Problem to work on:
Output, exactly as written, the lines below starting at the line containing "利用SL树脂模样代替木模制作" and ending at the line containing "Menu Cantine". Drop the pictures and keep both end lines.

Stored records
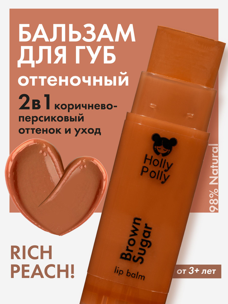 Бальзам оттеночный для губ Holly Polly RICH PEACH! Brown Sugar (Коричнево-персиковый оттенок) разработан для увлажнения, питания, смягчения и заживления чувствительной кожи, придает идеальный коричневый персиковый цвет, подчеркивает естественную красоту губ, создает лёгкий блеск и сияние. Сладкий аромат шоколадного чизкейка поднимет настроение и покажет, как ты неотразима! Он убережет от обветривания, шелушений, трещин и сухости. Эта защитная гигиеническая помадка необходима для ухода за собой в любое время года. Помада-бальзам легко ложится, сохраняя красоту и здоровье. Может использоваться как самостоятельное увлажняющее бьюти косметическое средство. Ухаживающие компоненты: пчелиный воск, масло миндаля, масло ши, жожоба, сквален, облепиховое масло проникают в глубокие слои сухой кожи. Восстанавливающий эффект, как от масла-бальзама обеспечен. Нежная масляная текстура избавит от дискомфорта и неприятных ощущений. Прекрасная альтернатива продуктам из Кореи, заживляющим корейским бальзамам. Парфюмированная губнушка с ароматом может стать удачным дополнением к любому подарку, на любой праздник. Сладкий запах понравится и взрослой женщине и подростку. Она оттеночная, поэтому ее можно использовать как детскую губнушку в категории 3+ и подростковую. Замечательно подойдет ребенку, девочке от 3 лет. Это косметика для всех и должна быть в косметичке любой девушки. Гигиеническая помада Холли Полли — отличный подарочный новогодний вариант для всех родных и близких на Новый год. Дети тоже будут рады такому подарочку под елкой. Интересная, молодежная и свежая идея того, что подарить на НГ или ДР подружке. Универсальная для мамы, сестры или подруги. Женская уходовая и декоративная косметика для лица — приятный презент коллеге на 8 Марта и любимой мамочке на День матери. Маленький красивый товар станет для нее хорошим сюрпризом от дочки. Лучшее решение для подарка на Рождество, на День рождения, да и просто так, без повода.
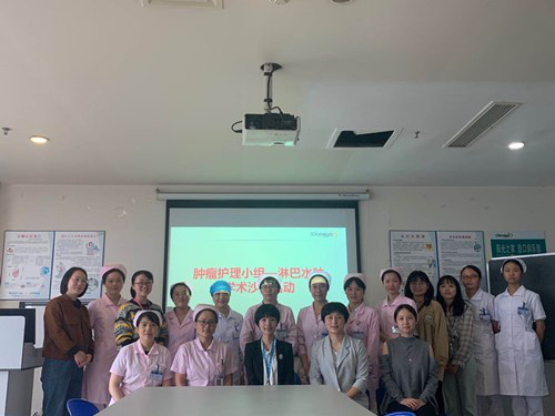 王玲示范了淋巴水肿手法引流综合消肿治疗,大家纷纷表示受益匪浅。她表示:自开展淋巴水肿治疗门诊以来,已制定全面的评估、评价体系,建立了患者数据库,同时正在积极撰写论文、申报课题,将会把淋巴水肿护理作为乳腺护理专业深入研究的方向,完善管理体系、组建专业梯队。
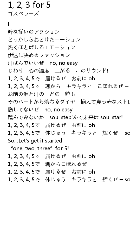| 1, 2, 3, 4, 5で 魂からこぼれるぜ | |
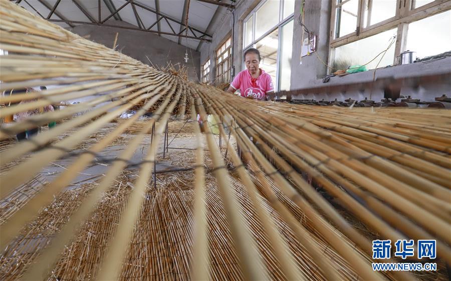 9月15日,河北省玉田县杨家板桥镇老蒲庄村的芦苇编织手艺人在车间编织苇帘。 眼下,河北省唐山市玉田县杨家板桥镇的各家芦苇编织作坊一片忙碌,传统手艺人抓紧编织苇帘,完成来自国内外的订单,供应市场。 新华社发(刘满仓 摄)
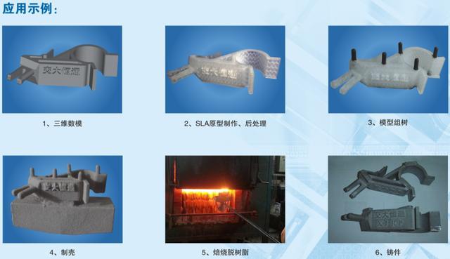 利用SL树脂模样代替木模制作砂型或者砂芯进行实型造型也可用作消失法铸造代替模型,用于不起模,精度高的铸件。
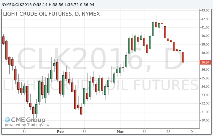 Стоимость майских фьючерсов на американскую легкую нефть марки WTI (Light Sweet Crude Oil) упала до 36,72 доллара за баррель.
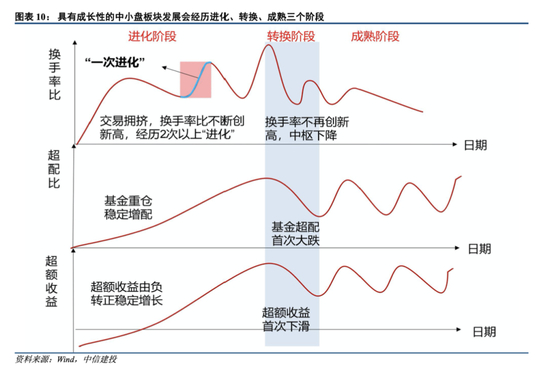 具有成长性的中小盘板块是可以通过不断进化逐渐转换到市场一致认可的主线的。因此我们将其发展阶段划分为“进化阶段”、“转换阶段”和“成熟阶段”,阶段的确定主要依赖于两个指标:
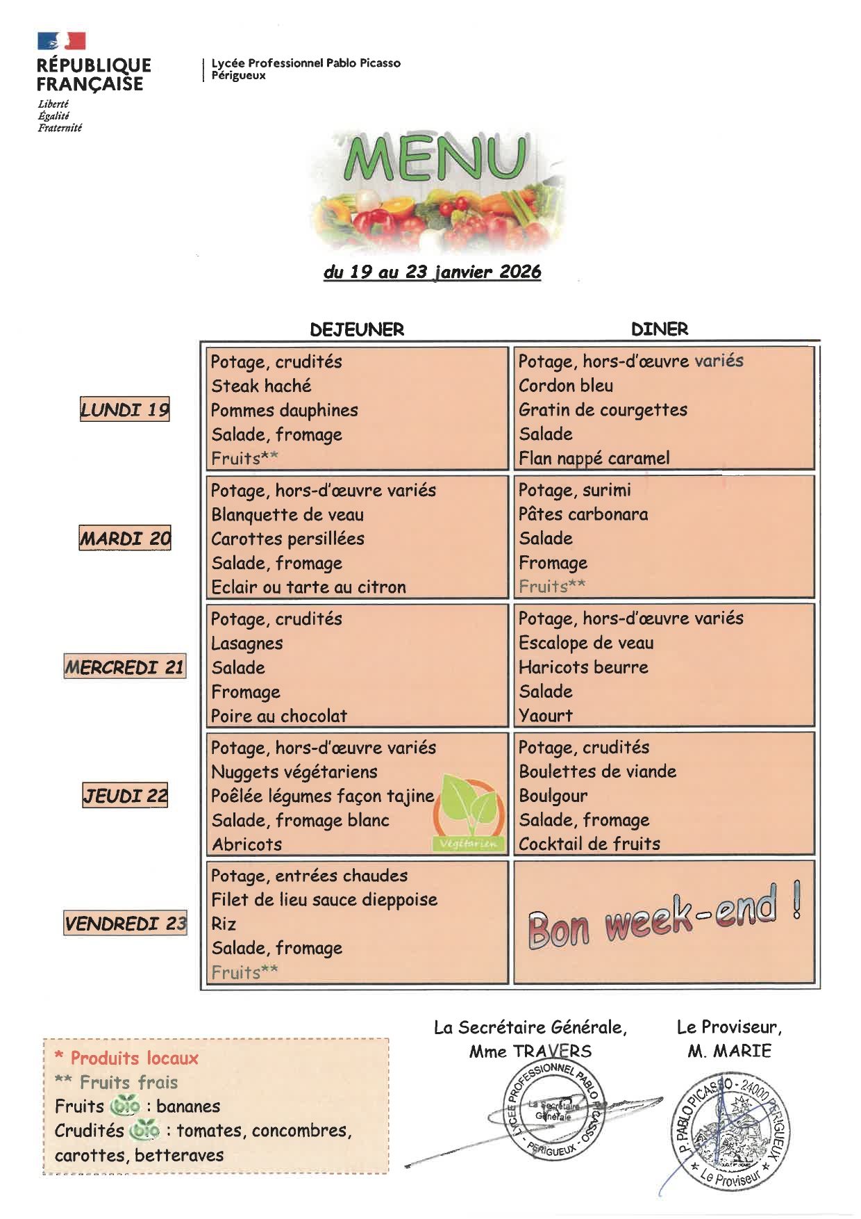 Menu Cantine
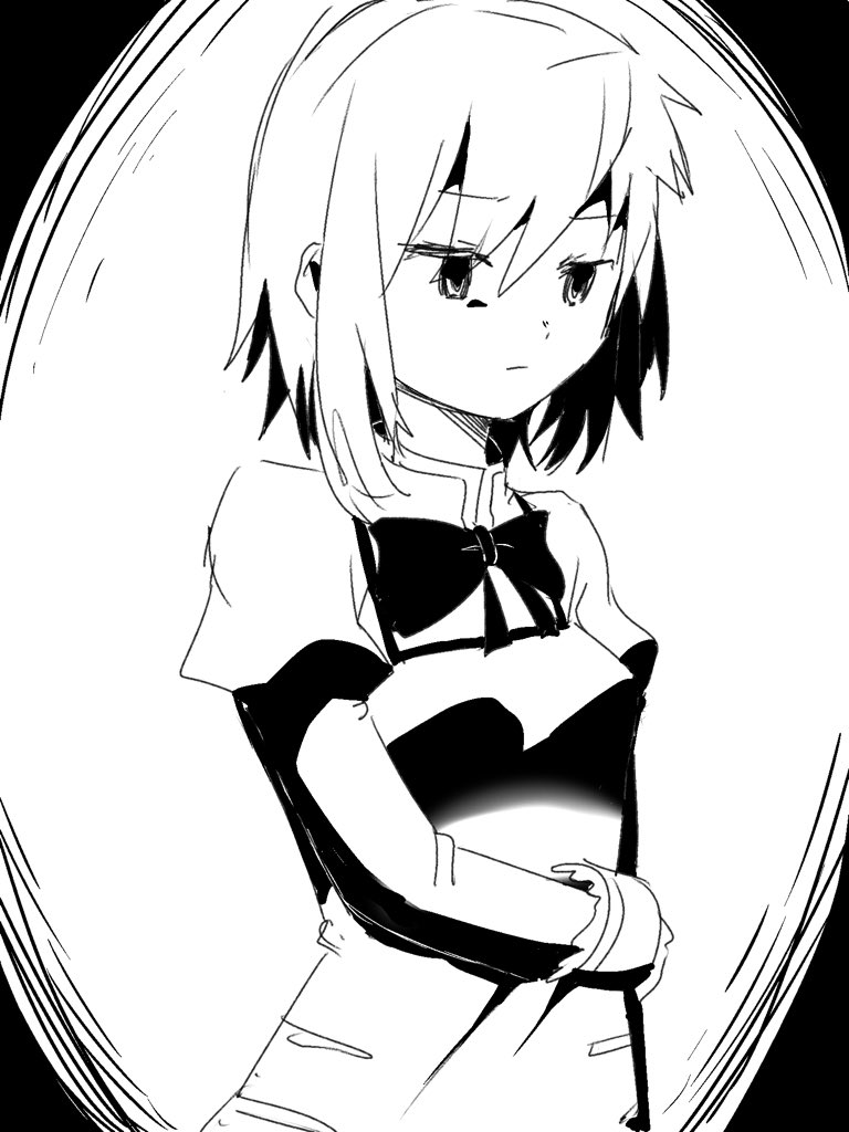 1girl bow bowtie commentary cowboy_shot frl1015 greyscale looking_down mahou_shoujo_madoka_magica mahou_shoujo_madoka_magica_(anime) miki_sayaka mitakihara_school_uniform monochrome puffy_sleeves school_uniform short_hair solo

Answer box:
 利用SL树脂模样代替木模制作砂型或者砂芯进行实型造型也可用作消失法铸造代替模型,用于不起模,精度高的铸件。
 Стоимость майских фьючерсов на американскую легкую нефть марки WTI (Light Sweet Crude Oil) упала до 36,72 доллара за баррель.
 具有成长性的中小盘板块是可以通过不断进化逐渐转换到市场一致认可的主线的。因此我们将其发展阶段划分为“进化阶段”、“转换阶段”和“成熟阶段”,阶段的确定主要依赖于两个指标:
 Menu Cantine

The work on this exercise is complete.